• _INPUT DATA_:
┏━━

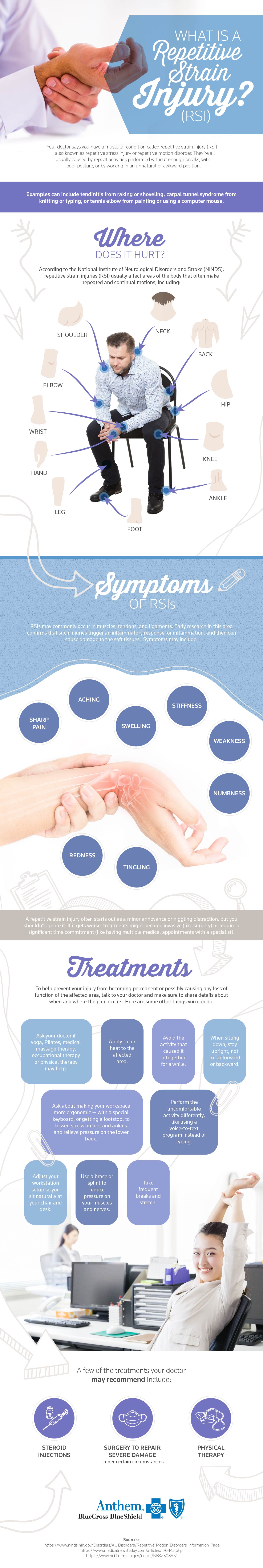 It only makes sense — if something you’re doing hurts, you should stop doing it. But there are some actions — even if they hurt — that you can’t really avoid, like typing on a keyboard at an office job or picking up an infant if you’re a new mom. If you’re feeling aches and pains when you do something over and over, you may have a repetitive stress injury (RSI). Here’s how to identify and manage these types of injuries, so you can keep living and working safely and comfortably.
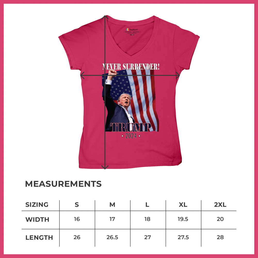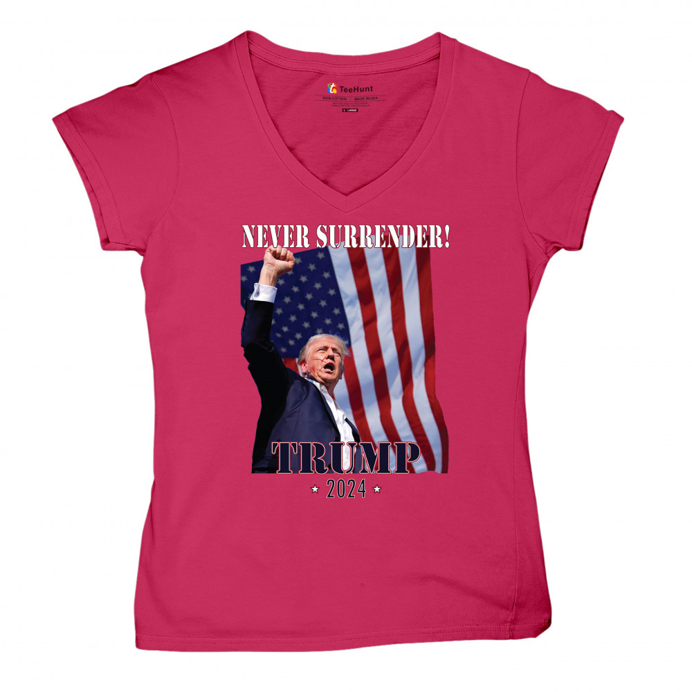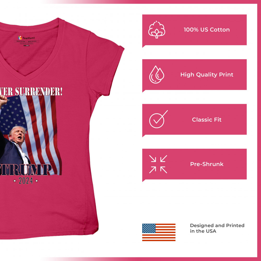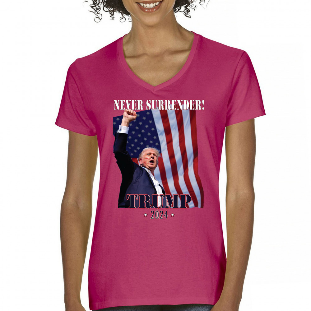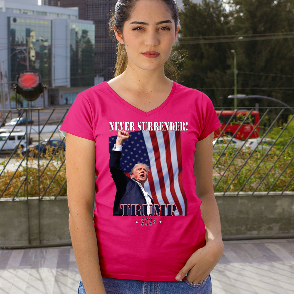 Support Donald Trump with our bold "Never Surrender! Trump 2024" design, featuring Trump against the American flag. Perfect for rallies and everyday wear.
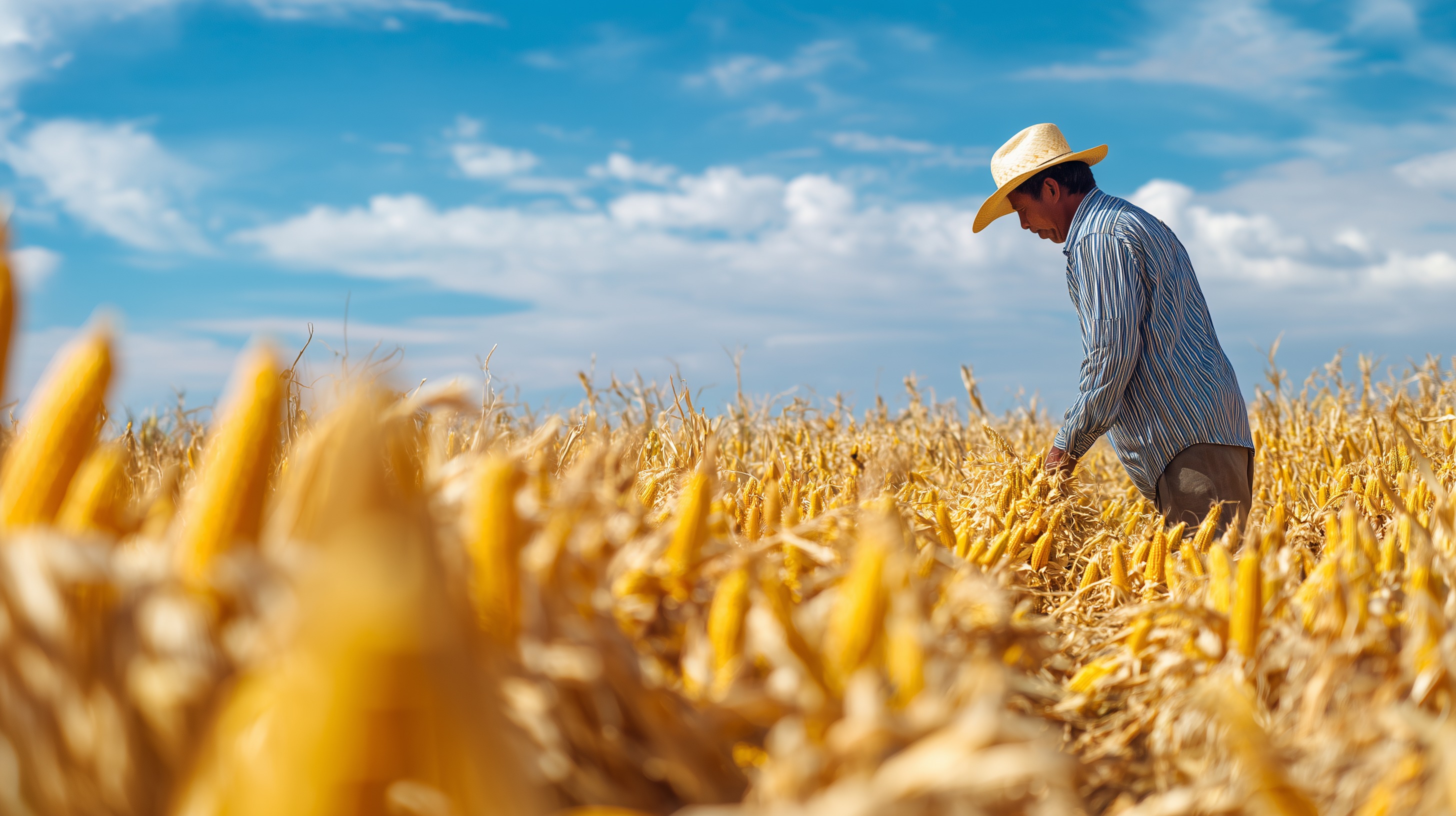 Das Foto zeigt einen Landwirt, der durch ein goldenes Getreidefeld geht. Die Ähren sind reif und wiegen schwer, bereit für die Ernte. Der Mann trägt einen Strohhut, um sich vor der Sonne zu schützen, während er über das weite Feld blickt. Im Hintergrund erstreckt sich ein klarer, blauer Himmel mit vereinzelten Wolken.

┗━━

• _TASK TO CARRY OUT_:
The result should be the full material above, word for word, with its pictures omitted.

• _OUTPUT OF THE TASK_:
 It only makes sense — if something you’re doing hurts, you should stop doing it. But there are some actions — even if they hurt — that you can’t really avoid, like typing on a keyboard at an office job or picking up an infant if you’re a new mom. If you’re feeling aches and pains when you do something over and over, you may have a repetitive stress injury (RSI). Here’s how to identify and manage these types of injuries, so you can keep living and working safely and comfortably.
 Support Donald Trump with our bold "Never Surrender! Trump 2024" design, featuring Trump against the American flag. Perfect for rallies and everyday wear.
 Das Foto zeigt einen Landwirt, der durch ein goldenes Getreidefeld geht. Die Ähren sind reif und wiegen schwer, bereit für die Ernte. Der Mann trägt einen Strohhut, um sich vor der Sonne zu schützen, während er über das weite Feld blickt. Im Hintergrund erstreckt sich ein klarer, blauer Himmel mit vereinzelten Wolken.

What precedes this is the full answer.